Navigate to `http://<master-ip>:3000` → **Cluster** tab. Nodes appear automatically as they start broadcasting.

## Step 3: Launch distributed inference

1. Go to **Config** → **Cluster**
2. Set **Minimum Nodes** to the desired count
3. Pick **Tensor Parallel** mode
4. Click **Launch**

The master SSHes into each worker, forms a Ray cluster, and starts vLLM with TP=N.

## Network requirements

| Requirement                          | Why                                           |
| ------------------------------------ | --------------------------------------------- |
| Passwordless SSH between nodes       | eugr's launcher SSHes into each peer          |
| One NIC per cluster subnet           | Multi-NIC routing ambiguity causes NCCL hangs |
| UDP port 5679 open on cluster subnet | Peer discovery                                |
| TCP ports 6379, 10001–10009, 29500   | Ray + NCCL rendezvous                         |

<Warning>
  Use the direct fabric NIC (ConnectX-7 / `enP2p1s0f1np1`) for NCCL, not Tailscale. Tailscale adds \~2ms RTT which degrades throughput significantly.
</Warning>

## VRAM reference

| Nodes   | Aggregated VRAM | Largest model        |
| ------- | --------------- | -------------------- |
| 1× GB10 | 122 GB          | Llama 3.1 70B (fp16) |
| 2× GB10 | 244 GB          | Llama 3.1 70B (fp16) |
| 4× GB10 | 487 GB          | Llama 3.1 405B (AWQ) |

## Troubleshooting

**Ray placement group hangs indefinitely**\
More than one NIC has an IP on the cluster subnet. Remove the extra IP or set `NCCL_SOCKET_IFNAME` explicitly in the cluster config.

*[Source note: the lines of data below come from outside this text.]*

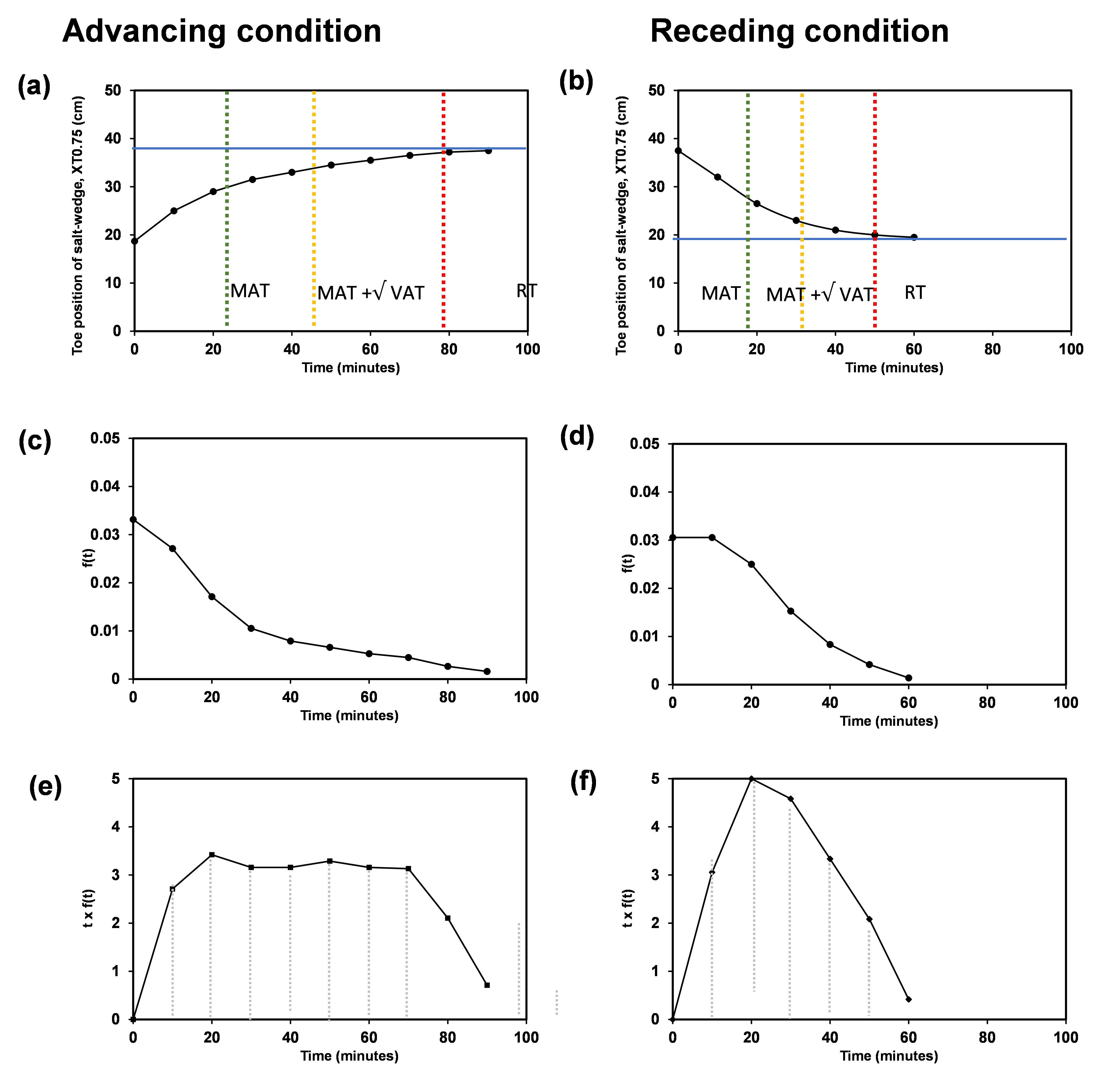 해수침투 전진 조건에서는 비교적 긴 시간에 걸쳐 전이 반응이 지속되어 MAT와 RT 차이가 크게 나타난다. 반면 후퇴 조건에서는 초기 단계의 반응이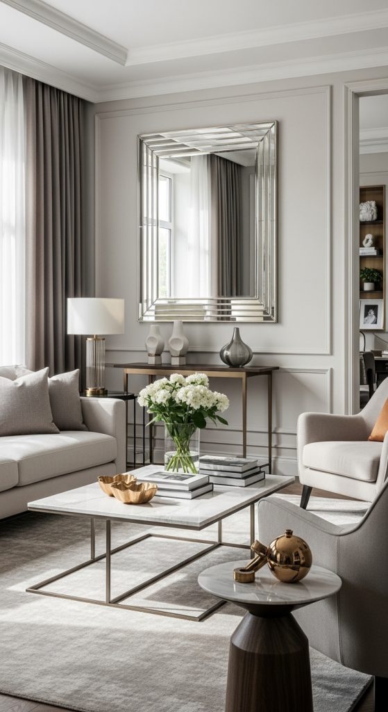 Mirrors are a powerful tool for creating the illusion of space and adding elegance. A well-placed mirror can reflect natural light, brighten dark corners, and make a room appear larger than it is. Decorative mirrors with ornate frames or sleek modern designs can double as artwork, enhancing the overall sophistication of your living room.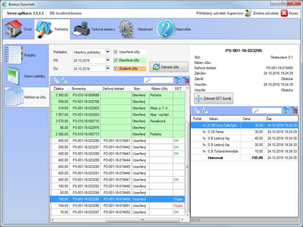 Při zapnutém EET na pokladně se změnilo chování funkcí „Změna platby“ a „Storno“ (z uzavřeného účtu). Uživatelsky se nic nemění, avšak na pozadí se v případě obou funkcí vytvoří stornoúčet k původnímu účtu (stejný jako účet původní, jen hodnoty všech položek, platba a údaje o DPH jsou oproti původnímu úču záporné). Tento stornoúčet je poslán do EET a vytištěn na tiskárně. Zároveň je vytvořen nový kladný účet, který zohledňuje provedené změny. V případě změny platby obsahuje novou platbu a v případě storna z uzavřeného účtu jen položky, které nebyly stornované. Zároveň zůstala zachována i možnost uložení opraveného účtu na stůl. Nový uzavřený účet je samozřejmě také zaslán do EET.

**NCCL using socket transport instead of RoCE**\
Check with `ainode logs -f | grep "Using network"`. Should say `NET/IB RoCE`. If it says `Socket`, the mlx5 driver isn't loaded or the ConnectX-7 isn't on the cluster fabric.

**Workers not appearing in topology**\
Confirm UDP port 5679 is open. All nodes must be on the same broadcast domain (same L2 subnet).